** Records to use **
# # # #

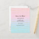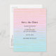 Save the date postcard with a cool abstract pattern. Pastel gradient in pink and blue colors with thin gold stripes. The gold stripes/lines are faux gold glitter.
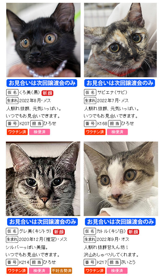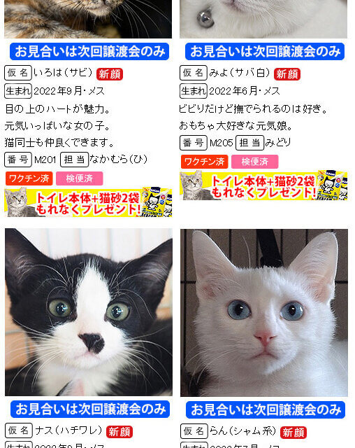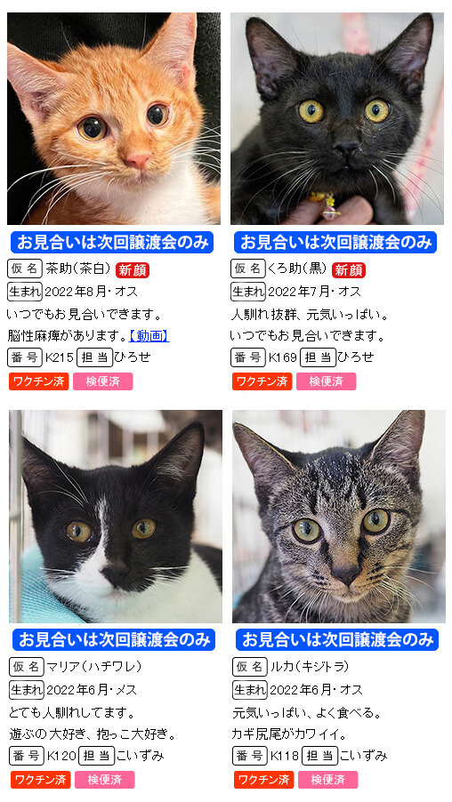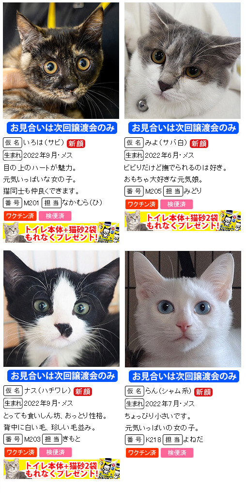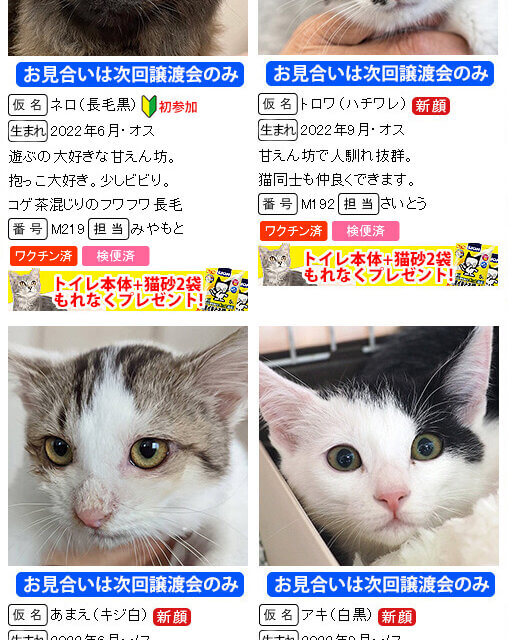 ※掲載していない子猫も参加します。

# # # #

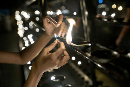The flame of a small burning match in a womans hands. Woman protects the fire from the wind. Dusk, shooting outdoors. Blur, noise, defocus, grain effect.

# # # #

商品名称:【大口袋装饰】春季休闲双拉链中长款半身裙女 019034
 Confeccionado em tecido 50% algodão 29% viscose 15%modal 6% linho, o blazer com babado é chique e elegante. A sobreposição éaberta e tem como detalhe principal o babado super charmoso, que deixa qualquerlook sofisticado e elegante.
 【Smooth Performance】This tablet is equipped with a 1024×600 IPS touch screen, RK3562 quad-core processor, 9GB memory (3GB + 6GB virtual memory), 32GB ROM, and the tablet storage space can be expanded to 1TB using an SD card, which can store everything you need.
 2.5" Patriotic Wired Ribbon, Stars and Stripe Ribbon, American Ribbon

# # # #

** About this task **
Send back exactly the lines of the listing above starting at the one with "商品名称:【大口袋装饰】春季休闲双拉链中长款半身裙女 019034" and ending at the one with "Confeccionado em tecido", inclusive, and no others.

** Your solution **
商品名称:【大口袋装饰】春季休闲双拉链中长款半身裙女 019034
 Confeccionado em tecido 50% algodão 29% viscose 15%modal 6% linho, o blazer com babado é chique e elegante. A sobreposição éaberta e tem como detalhe principal o babado super charmoso, que deixa qualquerlook sofisticado e elegante.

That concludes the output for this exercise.